The team introduced and investigated this new framework, showing it could deliver optimal results provided a "sufficiently large" number of copies of a quantum state. The researchers also mapped the criteria for both peak performance and failure.
"We wanted to understand the fundamental limits: What is the maximum level of corruption the algorithm can endure, beyond which there would be no hope to learn the information accurately?" Liu said. "These questions are very important both in theory and in practice."
The answer brings both good news and bad.
"The bad news is that for some states, learning under adversarial noise is nearly impossible," Liu said. "An adversary only needs to change an exponentially small fraction of the states or measurements to totally fool any learning algorithm."
But this happens only for states that "look like pure noise," which would be useless for computation anyway.
"The good news is that for a large class of well-structured states that are frequently used in many quantum algorithms, it is possible to achieve reasonably good accuracy, even when the noise is added maliciously," Liu said.
While it was designed to deal with a problem in quantum computing, the new adversarially robust framework relied heavily on nonquantum statistical and algorithmic tools. For Liu, the work builds on the insight that while some problems may look like quantum problems, "when you dig inside, the core difficulty relies on techniques from classical statistics and algorithms."

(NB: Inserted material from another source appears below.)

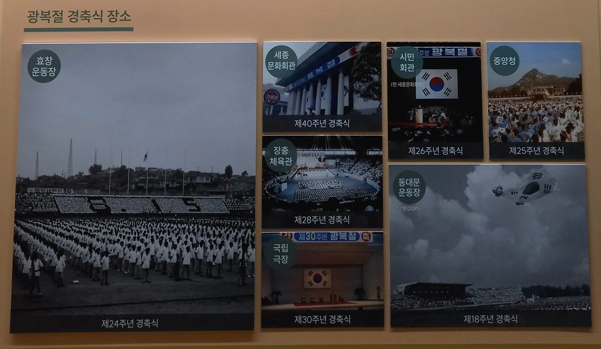 아무쪼록 국가기념일로 형식 면에서는 큰 규모의 행사로, 동대문운동장∙효창운동장∙시민회관∙중앙청∙장충체육관∙국립극장 등 다양한 장소에서 열려왔는데요. 제40주년 장소인 세종문화회관에서 근래에는 주로 열려왔는데, 올해 제80주년 경축식도 같은 곳에서 개최된다는 점에서 남다른 의미로 다가왔습니다. 40년 전에도 그리고 40년 후에도 같은 장소에서 광복절 경축식이 열려 온 국민이 기쁨을 함께 누린다는 점에서 말이죠.

Maryam Aliakbarpour , a Rice computer scientist who studies learning theory ⎯ i.e. how machine learning works as a computational process ⎯ contributed guidance and expertise on the classical side of the research.
"I design algorithms that solve statistical problems under realistic constraints, and some of the things I consider in my work were directly relevant here," said Aliakbarpour, Rice's Michael B. Yuen and Sandra A. Tsai Assistant Professor in the Department of Computer Science. "This problem was a true collaboration."

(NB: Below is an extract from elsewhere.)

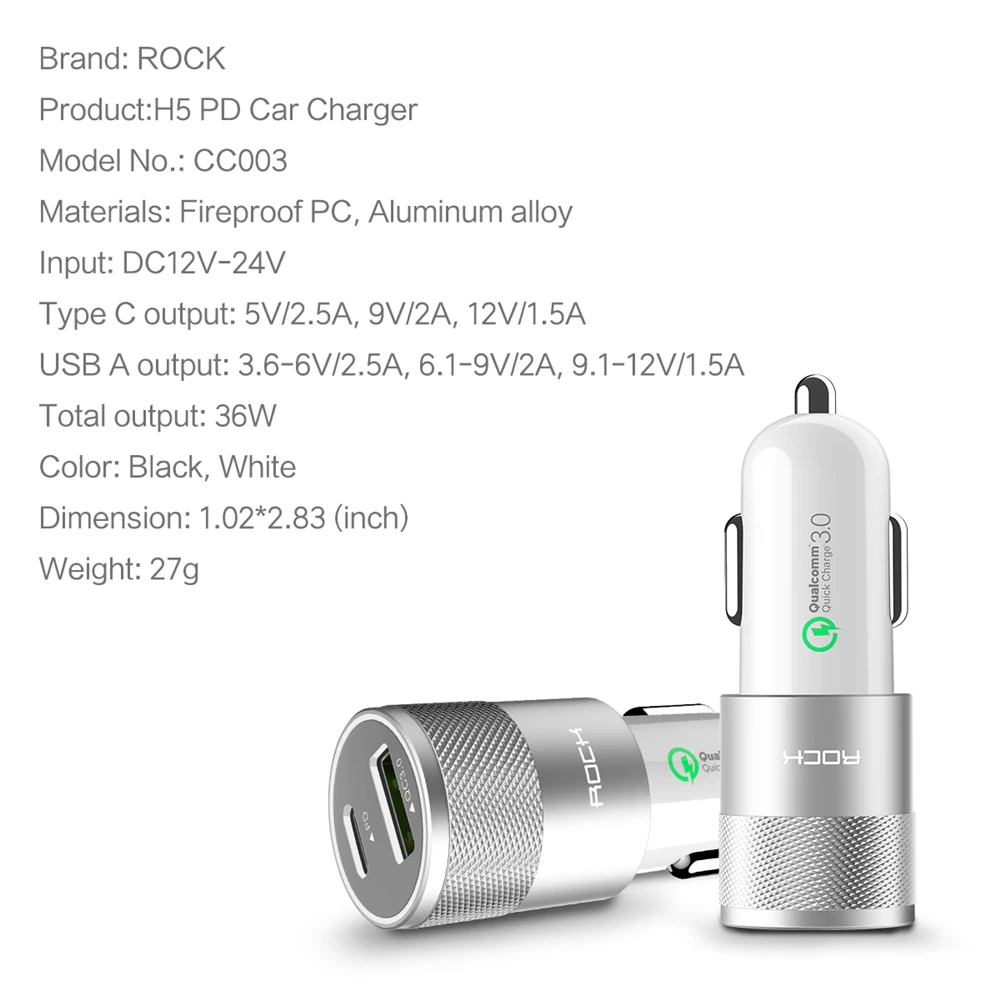 feature 7:36W USB Car Charger Type C Charger

To move past the NISQ stage, quantum technology will have to continue to improve strategies for effectively handling noise. One avenue for doing so is to fine-tune the underlying physical systems that host quantum states.
Promising new discoveries in two-dimensional materials are edging closer to "quieter" and more stable quantum hardware, and Rice researchers are at the forefront of this exploration: Just a few examples of recent advances include wrinkles with stable electron spin texture , strategic 2D metal layers that stage phonon interference and carefully tuned 3D structures known as optical cavities that coax exotic quantum behaviors into being.
Another front for tackling the issue is at the software level: Quantum algorithms that are attuned to the complex and delicate nature of quantum states are critical for advancing quantum computing. The new adversarially robust framework developed by Aliakbarpour, Chia and Liu, together with Vladimir Braverman, an adjunct professor of computer science at Rice, offers a creative algorithmic approach to dealing with quantum computers' noisiness.
The research was supported by the National Science Foundation (2528780, 2243659, 2339116), the U.S. Office of Naval Research (N00014-23-1-2737), the Department of Energy (DE-SC0024301) and Rice. The content herein is solely the responsibility of the authors and does not necessarily represent the official views of the funding organizations and institutions.